Recent studies linking various health and economic impacts of environmental contamination should cause policymakers to reevaluate their priorities when it comes to environmental legislation and regulation. Three key areas of research in this area stand out: the connection between certain pesticides and Parkinson’s, the correlation between elevated lead in gasoline with crime rates, and the link between air pollution and autism.
A study released last year by researchers at the National Institute of Environmental Health Sciences (NIEHS) and the Parkinson's Institute and Clinical Center showed the connection between Parkinson’s disease and the use of two pesticides, rotenone and paraquat. People who had used either pesticide developed Parkinson’s disease approximately 2.5 times more often than those who did not use the chemicals.

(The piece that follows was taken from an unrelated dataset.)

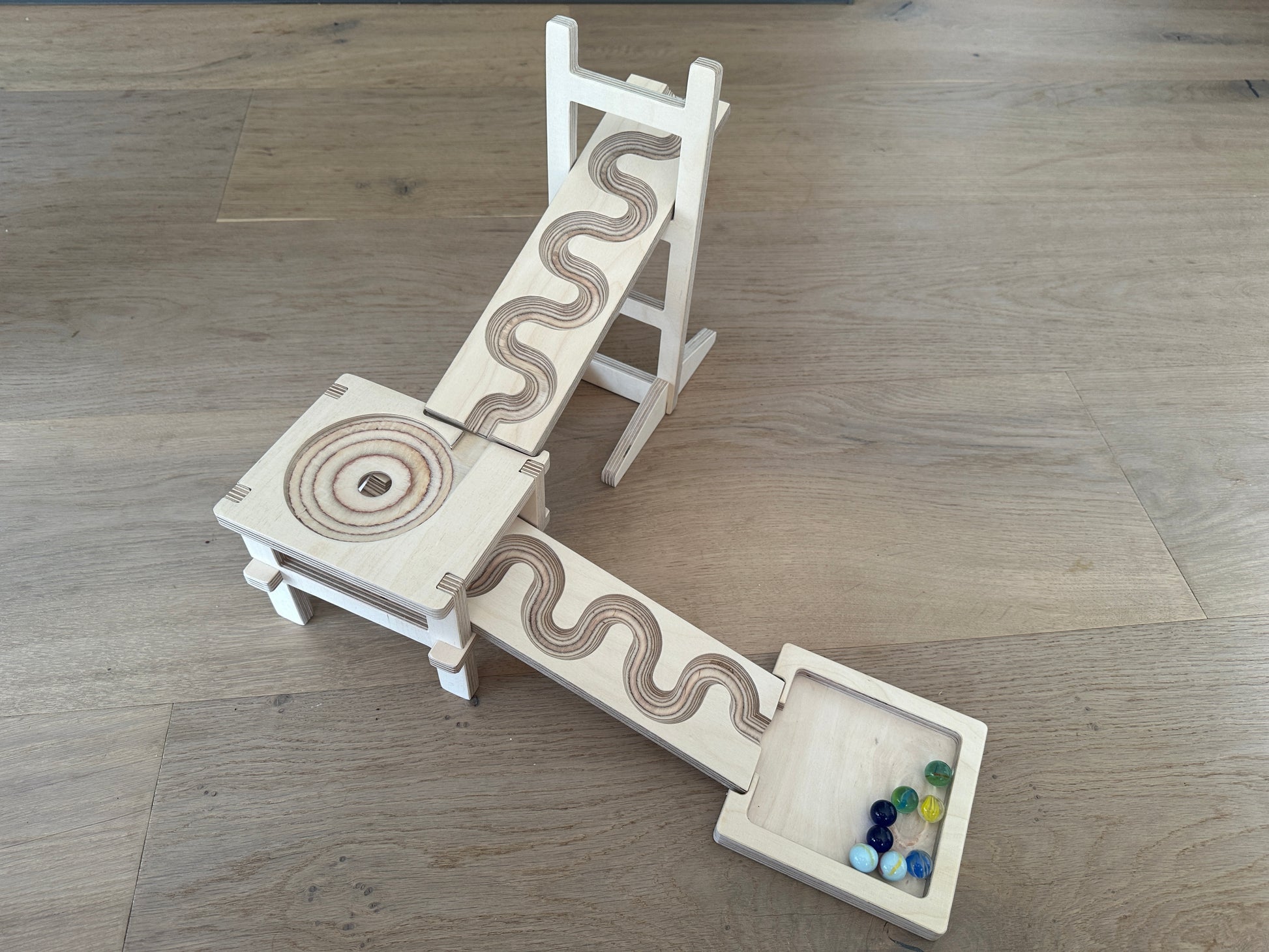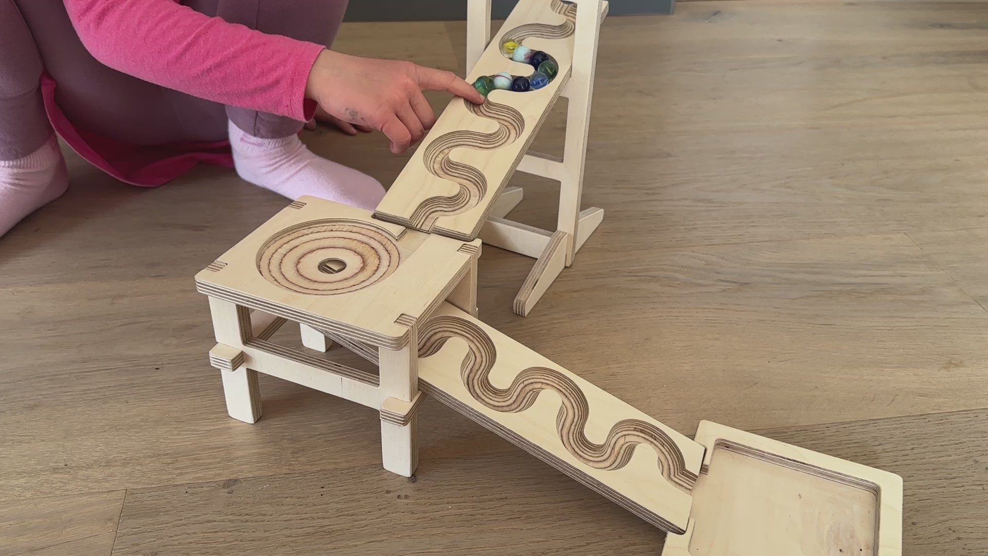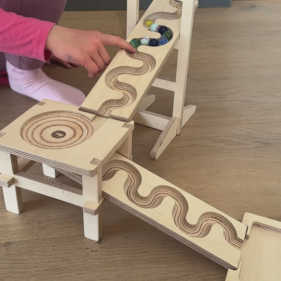 Unsere handgefertigten Murmelbahn-Set ist nicht nur ein Spaßfaktor, sondern auch eine stilvolle Ergänzung zu Ihrer Murmelbahn. Sie passen perfekt zum natürlichen Look unserer Bahnen und sind ein echter Hingucker in jedem Raum. Die Glasmurmeln sausen die verschiedenen Ebenen hinunter, bevor sie am Ende sicher in der Auffangschale landen. Ein fesselndes Spiel, das Kinder und Erwachsene gleichermaßen begeistert.

Mercifully, there are no residential uses for either paraquat or rotenone currently registered, but that restriction for rotenone was only put in place, voluntarily by its producers, in 2006. Paraquat use is restricted to certified applicators, and rotenone is now only permitted in the killing of invasive fish species.
A study released early this year revealed that the change in leaded gasoline usage has a high correlation with violent crime rates in America. Tulane University toxicologist Howard W. Mielke found that the exposure of children to high levels of lead in the 1960s and 1970s resulted in a significant uptick in crime 20 years later.